## Provided material
┄┄┄┄┄┄
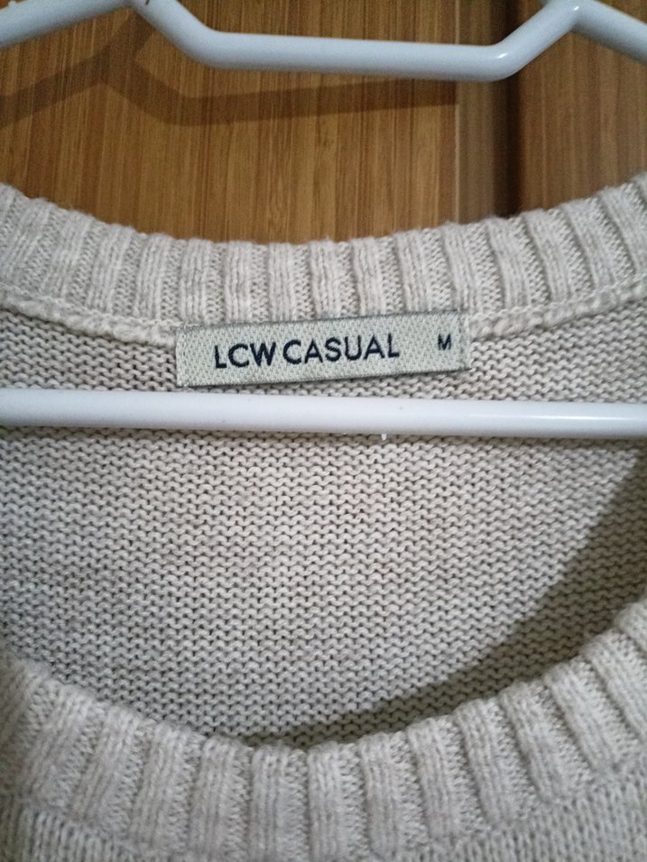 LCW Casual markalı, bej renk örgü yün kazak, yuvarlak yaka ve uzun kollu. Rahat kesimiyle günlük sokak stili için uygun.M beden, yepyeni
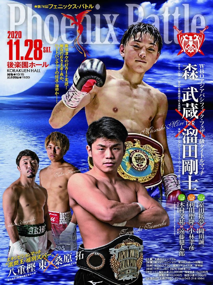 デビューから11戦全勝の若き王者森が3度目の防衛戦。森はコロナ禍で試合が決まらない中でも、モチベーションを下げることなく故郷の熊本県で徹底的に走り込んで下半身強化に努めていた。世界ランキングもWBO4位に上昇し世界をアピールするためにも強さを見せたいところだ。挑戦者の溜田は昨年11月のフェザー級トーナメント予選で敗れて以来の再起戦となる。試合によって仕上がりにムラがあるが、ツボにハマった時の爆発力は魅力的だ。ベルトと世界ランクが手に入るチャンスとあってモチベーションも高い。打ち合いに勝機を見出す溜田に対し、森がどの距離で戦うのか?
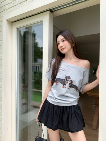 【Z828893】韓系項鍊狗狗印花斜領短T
┄┄┄┄┄┄
## Exercise
Everything in the data above should be set down again exactly, except the pictures.

## Written response
 LCW Casual markalı, bej renk örgü yün kazak, yuvarlak yaka ve uzun kollu. Rahat kesimiyle günlük sokak stili için uygun.M beden, yepyeni
 デビューから11戦全勝の若き王者森が3度目の防衛戦。森はコロナ禍で試合が決まらない中でも、モチベーションを下げることなく故郷の熊本県で徹底的に走り込んで下半身強化に努めていた。世界ランキングもWBO4位に上昇し世界をアピールするためにも強さを見せたいところだ。挑戦者の溜田は昨年11月のフェザー級トーナメント予選で敗れて以来の再起戦となる。試合によって仕上がりにムラがあるが、ツボにハマった時の爆発力は魅力的だ。ベルトと世界ランクが手に入るチャンスとあってモチベーションも高い。打ち合いに勝機を見出す溜田に対し、森がどの距離で戦うのか?
 【Z828893】韓系項鍊狗狗印花斜領短T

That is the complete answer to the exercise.